Content starts

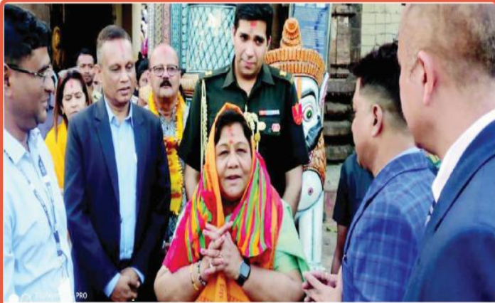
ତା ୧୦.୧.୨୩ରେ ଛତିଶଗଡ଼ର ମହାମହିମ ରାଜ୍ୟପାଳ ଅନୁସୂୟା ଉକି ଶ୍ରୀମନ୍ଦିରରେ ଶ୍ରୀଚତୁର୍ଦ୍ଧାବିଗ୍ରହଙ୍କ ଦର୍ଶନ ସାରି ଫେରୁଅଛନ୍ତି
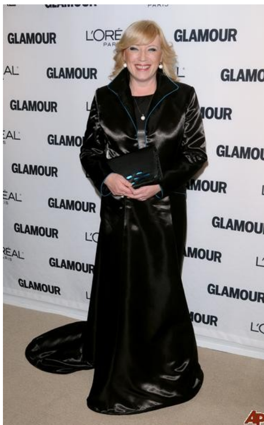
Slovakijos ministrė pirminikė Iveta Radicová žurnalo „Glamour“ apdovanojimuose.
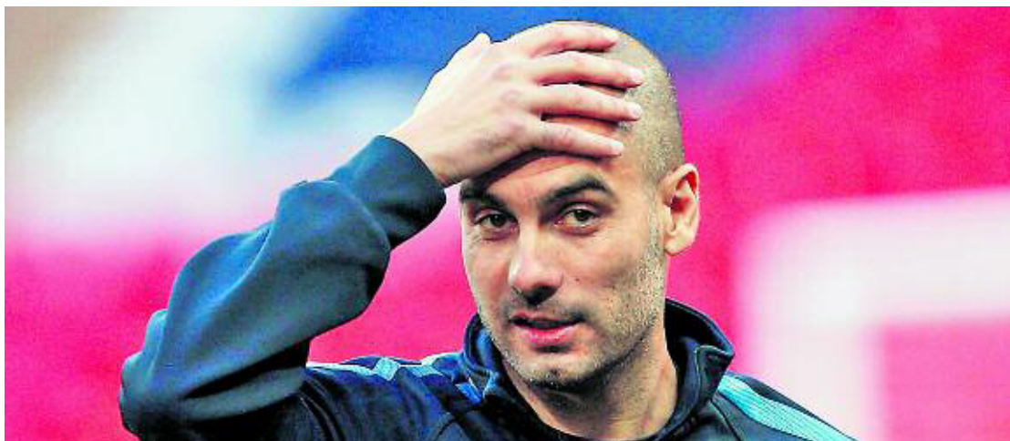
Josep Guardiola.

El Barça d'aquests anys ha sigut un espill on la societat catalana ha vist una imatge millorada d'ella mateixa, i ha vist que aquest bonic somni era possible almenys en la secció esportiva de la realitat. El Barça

Content ends

## Task to carry out
Retype all the data exactly; skip the pictures.

## Written answer
ତା ୧୦.୧.୨୩ରେ ଛତିଶଗଡ଼ର ମହାମହିମ ରାଜ୍ୟପାଳ ଅନୁସୂୟା ଉକି ଶ୍ରୀମନ୍ଦିରରେ ଶ୍ରୀଚତୁର୍ଦ୍ଧାବିଗ୍ରହଙ୍କ ଦର୍ଶନ ସାରି ଫେରୁଅଛନ୍ତି
Slovakijos ministrė pirminikė Iveta Radicová žurnalo „Glamour“ apdovanojimuose.
Josep Guardiola.

El Barça d'aquests anys ha sigut un espill on la societat catalana ha vist una imatge millorada d'ella mateixa, i ha vist que aquest bonic somni era possible almenys en la secció esportiva de la realitat. El Barça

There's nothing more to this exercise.